FPGAs are like a large set of switches divided into modules. Software can tell those switches how to behave. They will work more quickly because the work is done at the silicon level. When the application changes, they can be reprogrammed instead of having to be replaced.

Intel is betting that this will be useful for companies that reply on cloud based applications, which is where the economy is headed. Take for instance firms that uses facial recognition software in a cloud-based system. Facebook and Google tag photos by recognizing common faces in your photoalbums. The tiny difference in speed of having processing done at the level of hardware rather than software can speed up the rate at which such applications work, making them very attractive.

Brian Krzanich, CEO of Intel, said "Intel's growth strategy is to expand our core assets into profitable, complementary market segments. With this acquisition, we will harness the power of Moore's Law to make the next generation of solutions not just better, but able to do more.”

Moore’s Law, or the rule that says chip speeds double every 18 months, turned 50 years old this year.

John Daane, President, CEO and Chairman of Altera, added "We believe that as part of Intel we will be able to develop innovative FPGAs and system-on-chips for our customers in all market segments."
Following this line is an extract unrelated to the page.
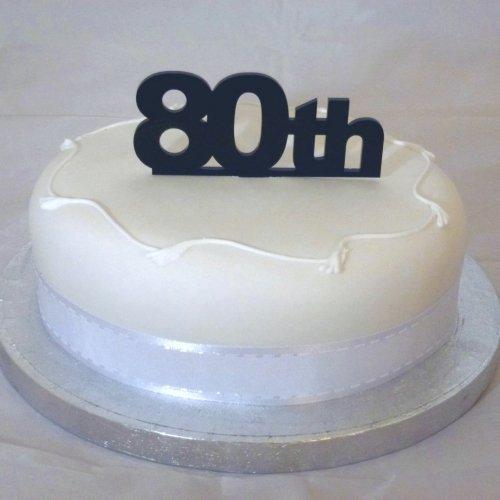 - "80th" Cake Topper 10cm (4inch) Black Solid Acrylic (Overall size 15cm x 16cm inc spike)

COURTESY: INTEL CORP - Altera CEO John Daane

Altera will become an Intel business unit to facilitate continuity of existing and new customer sales and support. Intel plans to continue support and development for Altera's ARM-based and power management product lines.

Intel intends to fund the acquisition, which is expected to close within six to nine months, with a combination of cash from the balance sheet and debt.

Altera shares were around $35 in March. Altera rejected an offer of $54 per share once, but Altera’s recent poor earnings report gave Intel more leverage.